AI scribe
AI Scribe Backend on FHIR
An AI scribe captures ambient conversation, drafts a clinical note, and asks the clinician to review and sign. Behind the scenes the data flow is FHIR-shaped: an Encounter for the visit, a DocumentReference for the draft, an audit trail for every model action.
What you can build
- Standard FHIR shape for the captured artifact
Encounter for the visit, DocumentReference for the note, AuditEvent for the model interaction. No bespoke schema for AI-generated content.
- Draft vs signed status is a FHIR concept
DocumentReference.status carries draft, current, or superseded. Workflows do not have to invent a parallel state machine.
- Post-edit workflow is auditable
The clinician's edits are recorded as a new DocumentReference version. The original draft and the signed version are both retrievable.
Who this is for
Product teams building AI-scribe applications and clinical informatics leads evaluating the data model and the access surface of those applications.
Clinical applicability
A primary care clinician runs an AI scribe during a visit. The scribe transcribes the audio, drafts an Encounter note, and writes a DocumentReference linked to the Encounter. The clinician reviews, edits, and signs; the signed note is what enters the record.
Capture flow in FHIR terms
A scribe session begins with an Encounter (existing or new). The transcription is held outside the FHIR backend during capture (a streaming pipeline, often local to the device) and the resulting draft note is written as a DocumentReference linked to the Encounter once the session ends.
The model's contributions are attributable. The DocumentReference.author can be a Device representing the scribe service; the post-edit version is authored by the clinician. AuditEvent records the create, update, and view operations for both identities.
Where the access boundary sits
The scribe service has a service identity with rules that permit Encounter and DocumentReference reads and writes for the patients it is authorized to scribe for. The clinician's identity is the on-behalf-of identity for the session.

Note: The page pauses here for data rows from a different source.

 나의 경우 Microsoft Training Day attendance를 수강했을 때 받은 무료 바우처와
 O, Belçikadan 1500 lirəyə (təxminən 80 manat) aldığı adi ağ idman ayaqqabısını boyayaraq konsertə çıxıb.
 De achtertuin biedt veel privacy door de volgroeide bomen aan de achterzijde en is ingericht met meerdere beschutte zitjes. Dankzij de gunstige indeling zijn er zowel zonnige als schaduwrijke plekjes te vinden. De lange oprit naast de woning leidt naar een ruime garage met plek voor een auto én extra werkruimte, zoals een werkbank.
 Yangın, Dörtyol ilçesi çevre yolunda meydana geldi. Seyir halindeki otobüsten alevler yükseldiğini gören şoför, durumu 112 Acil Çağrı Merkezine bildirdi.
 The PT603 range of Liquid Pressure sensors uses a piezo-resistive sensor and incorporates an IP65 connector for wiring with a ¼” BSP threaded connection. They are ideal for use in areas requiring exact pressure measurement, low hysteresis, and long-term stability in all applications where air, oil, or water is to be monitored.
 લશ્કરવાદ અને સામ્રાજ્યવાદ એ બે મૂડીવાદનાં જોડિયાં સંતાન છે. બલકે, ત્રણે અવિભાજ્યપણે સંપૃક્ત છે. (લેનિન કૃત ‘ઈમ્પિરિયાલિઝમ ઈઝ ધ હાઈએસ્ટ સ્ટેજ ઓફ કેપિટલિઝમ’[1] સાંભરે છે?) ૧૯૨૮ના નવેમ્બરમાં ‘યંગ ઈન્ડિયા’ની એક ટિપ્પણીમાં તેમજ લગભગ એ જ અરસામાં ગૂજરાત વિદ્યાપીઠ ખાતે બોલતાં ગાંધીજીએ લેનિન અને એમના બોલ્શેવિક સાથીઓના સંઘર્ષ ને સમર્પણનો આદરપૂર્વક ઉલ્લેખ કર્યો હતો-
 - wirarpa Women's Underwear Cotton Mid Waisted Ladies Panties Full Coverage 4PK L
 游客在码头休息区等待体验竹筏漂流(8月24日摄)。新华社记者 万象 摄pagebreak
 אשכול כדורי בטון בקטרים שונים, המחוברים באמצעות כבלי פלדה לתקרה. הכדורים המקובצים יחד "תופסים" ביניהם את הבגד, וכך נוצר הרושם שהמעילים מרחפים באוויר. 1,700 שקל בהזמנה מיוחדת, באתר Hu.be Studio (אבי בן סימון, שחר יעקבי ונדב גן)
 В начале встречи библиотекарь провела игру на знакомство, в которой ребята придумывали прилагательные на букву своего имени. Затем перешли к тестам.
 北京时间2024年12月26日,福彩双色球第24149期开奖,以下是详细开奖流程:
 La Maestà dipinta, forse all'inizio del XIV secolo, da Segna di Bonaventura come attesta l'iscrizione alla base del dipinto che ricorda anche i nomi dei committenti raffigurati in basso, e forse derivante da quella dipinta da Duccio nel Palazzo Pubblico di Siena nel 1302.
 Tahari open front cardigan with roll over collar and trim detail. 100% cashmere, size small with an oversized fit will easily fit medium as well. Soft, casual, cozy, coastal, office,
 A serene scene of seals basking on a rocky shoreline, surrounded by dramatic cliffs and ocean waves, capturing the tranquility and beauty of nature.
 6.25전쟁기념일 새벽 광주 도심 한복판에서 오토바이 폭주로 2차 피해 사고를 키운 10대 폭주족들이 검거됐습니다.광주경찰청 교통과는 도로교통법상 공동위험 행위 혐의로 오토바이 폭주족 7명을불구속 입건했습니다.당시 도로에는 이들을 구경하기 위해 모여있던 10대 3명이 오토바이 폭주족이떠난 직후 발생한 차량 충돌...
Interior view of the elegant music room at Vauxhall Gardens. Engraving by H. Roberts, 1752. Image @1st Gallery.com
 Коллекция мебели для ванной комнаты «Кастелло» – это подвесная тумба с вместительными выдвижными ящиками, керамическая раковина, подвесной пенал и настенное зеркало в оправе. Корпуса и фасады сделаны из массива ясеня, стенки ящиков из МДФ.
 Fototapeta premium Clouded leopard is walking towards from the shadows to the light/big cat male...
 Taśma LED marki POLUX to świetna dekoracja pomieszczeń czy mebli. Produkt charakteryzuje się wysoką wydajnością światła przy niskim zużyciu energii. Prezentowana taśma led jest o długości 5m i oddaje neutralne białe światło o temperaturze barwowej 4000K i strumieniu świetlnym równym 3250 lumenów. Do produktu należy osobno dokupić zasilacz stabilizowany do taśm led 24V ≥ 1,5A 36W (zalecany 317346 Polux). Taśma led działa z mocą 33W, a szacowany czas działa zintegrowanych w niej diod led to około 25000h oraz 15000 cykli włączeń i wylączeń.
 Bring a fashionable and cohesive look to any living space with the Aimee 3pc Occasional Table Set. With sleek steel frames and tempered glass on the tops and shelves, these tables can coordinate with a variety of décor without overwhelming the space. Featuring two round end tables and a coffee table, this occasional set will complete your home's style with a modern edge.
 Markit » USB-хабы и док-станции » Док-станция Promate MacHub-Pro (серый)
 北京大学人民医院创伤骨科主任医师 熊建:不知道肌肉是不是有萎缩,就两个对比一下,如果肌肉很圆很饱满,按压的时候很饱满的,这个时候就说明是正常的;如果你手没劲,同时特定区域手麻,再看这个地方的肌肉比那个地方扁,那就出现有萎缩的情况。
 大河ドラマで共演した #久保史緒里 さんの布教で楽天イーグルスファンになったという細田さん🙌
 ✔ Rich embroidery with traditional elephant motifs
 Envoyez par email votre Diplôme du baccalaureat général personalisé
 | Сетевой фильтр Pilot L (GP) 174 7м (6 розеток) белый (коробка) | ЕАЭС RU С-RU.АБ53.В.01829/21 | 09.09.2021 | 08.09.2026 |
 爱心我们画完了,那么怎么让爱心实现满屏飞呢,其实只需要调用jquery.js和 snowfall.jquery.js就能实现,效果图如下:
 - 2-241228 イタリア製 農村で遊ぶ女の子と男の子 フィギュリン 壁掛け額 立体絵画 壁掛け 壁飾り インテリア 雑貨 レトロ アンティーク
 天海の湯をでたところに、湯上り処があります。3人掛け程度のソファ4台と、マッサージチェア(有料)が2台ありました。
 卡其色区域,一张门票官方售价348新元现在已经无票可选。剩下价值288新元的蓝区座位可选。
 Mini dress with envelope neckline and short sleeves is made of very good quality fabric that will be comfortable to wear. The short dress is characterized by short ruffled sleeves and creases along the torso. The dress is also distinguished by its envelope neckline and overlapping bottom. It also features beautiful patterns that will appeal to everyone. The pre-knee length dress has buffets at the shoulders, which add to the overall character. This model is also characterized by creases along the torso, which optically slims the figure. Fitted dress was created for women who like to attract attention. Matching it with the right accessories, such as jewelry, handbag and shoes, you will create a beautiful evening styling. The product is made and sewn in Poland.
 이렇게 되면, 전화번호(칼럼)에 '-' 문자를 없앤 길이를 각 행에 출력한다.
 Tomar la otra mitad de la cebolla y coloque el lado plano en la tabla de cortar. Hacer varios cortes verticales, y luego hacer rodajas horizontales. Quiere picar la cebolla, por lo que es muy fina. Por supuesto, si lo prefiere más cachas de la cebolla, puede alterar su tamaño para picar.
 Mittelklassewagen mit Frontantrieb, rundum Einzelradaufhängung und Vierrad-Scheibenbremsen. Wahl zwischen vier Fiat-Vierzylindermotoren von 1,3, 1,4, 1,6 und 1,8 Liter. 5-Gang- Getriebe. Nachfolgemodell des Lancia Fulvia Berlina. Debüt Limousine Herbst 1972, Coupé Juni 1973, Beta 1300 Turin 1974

Drafts are visible to the clinician (and to anyone the clinician's role permits to see drafts) but typically not to the patient until signed. DocumentReference.status drives the visibility decision; the rule set is a small extension of the standard clinician rules.
Patient-facing scenarios
Some scribes also generate a patient-facing summary (in plain language) alongside the clinical note. The summary is a separate DocumentReference with its own type and its own access scope. Patients see the patient-facing summary; clinicians see the clinical note.
Both documents reference the same Encounter, so they can be reviewed together when needed and accessed independently when not.
Related docs
Related pages
FAQ
Where does the audio go?
Audio is typically processed by a transcription service that runs alongside the scribe, often on-device or in a region-pinned container. The FHIR backend stores the resulting note; whether the audio is retained is a deployment decision.
How do I track the model's contribution to the final note?
DocumentReference versions and Provenance resources cover this. The draft authored by the scribe service is one version; the signed version authored by the clinician is the next. Provenance can record what the model contributed and what the clinician changed.
Can the scribe see prior notes?
Only if the scribe's role permits it. Some deployments give the scribe read access to recent notes for context; others scope the scribe to write-only on the current Encounter. Both are configurable.
What about quality assurance review?
QA reviewers get their own role with read access to draft and signed notes for the patients in scope. The audit log captures their reads alongside the clinician and the scribe.
Does the patient see the draft?
Typically no. DocumentReference.status drives visibility. Patient roles can be scoped to current notes only, not drafts, with a rule that filters by status.